Searching with bloom filter

Problem statement

Our platform is sending 4 million emails per day, and many of them contains a lot user generated content which has potential risk of spam. A very important action we need to take is: if we know the sender is already marked as a bad email, we should stop sending emails for it right away.

We now have more than ten thousands of blacklisted emails stored in database, when sending an email, we need to check against this big list to see if we can send the current email out. retrieving all emails from db is not realistic since it has significant latency.

Solutions

This is simple to implement and fit the current situation well since all emails are stored in database, we just need a stored procedure to take an email as input and return True if the email is in the table, otherwise false.

Bloom filter

Thinking out of the box, store with database itself may not be a good solution considering latency of DB read and write.

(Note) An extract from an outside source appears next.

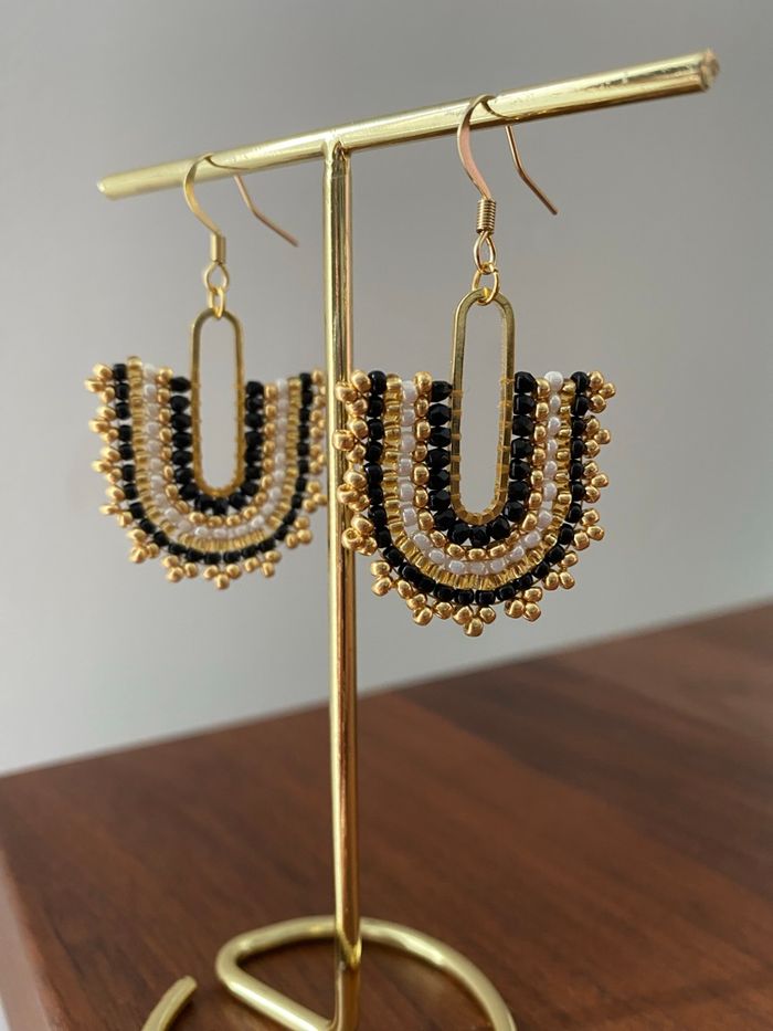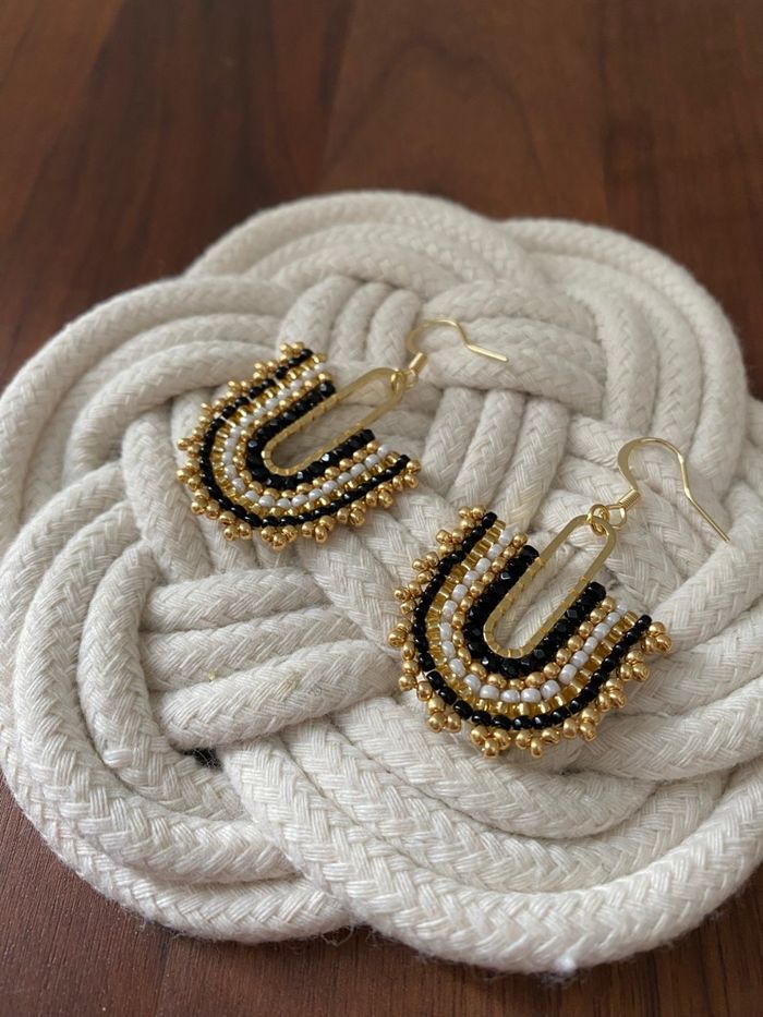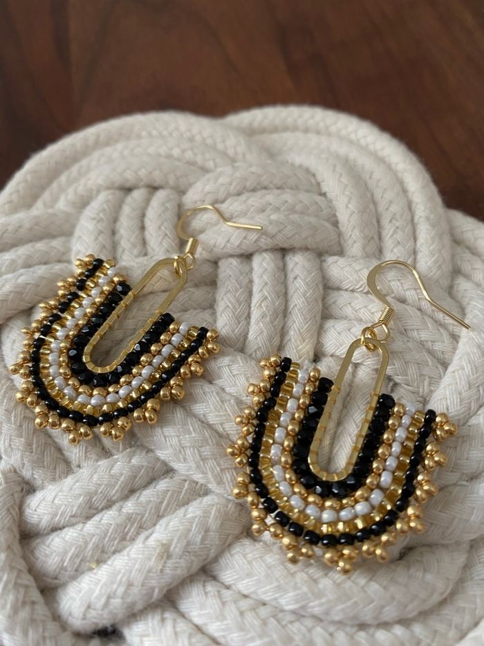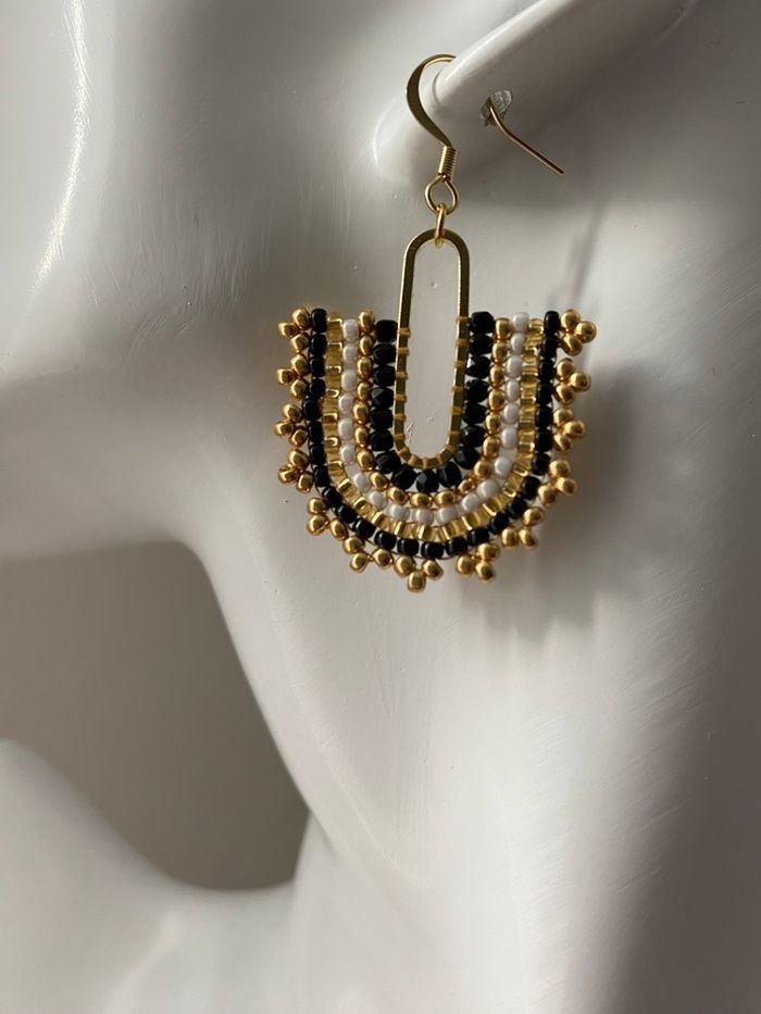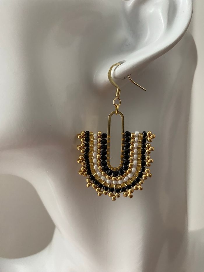 Boucles d’oreilles Miyuki Crochets d’oreilles et supports en acier inoxydable dorés à l’or fin. Longueur totale des boucles d’oreilles environ 5 cm Article neuf.

Bloom filter is an excellent algorithm for this kind of large scale search.

The algorithm is very ideal, but when comes to engineering, we still need to consider the trade-offs based on the current service architecture.

  • The current black listed emails are stored in database, and the write operation is done by a different service, we need to consider do we need to change the storage for bloom filter
  • bloom filter needs tuning to get low false positive rates. considering the growth rate of black listed emails, how do we adjust the size of hash functions and bit array lengths

    Here is a useful tool to do the math: https://hur.st/bloomfilter/

My take aways

  • Thinking out of the box can bring you more brilliant ideas
  • Sometimes, excellent algorithm is not always fit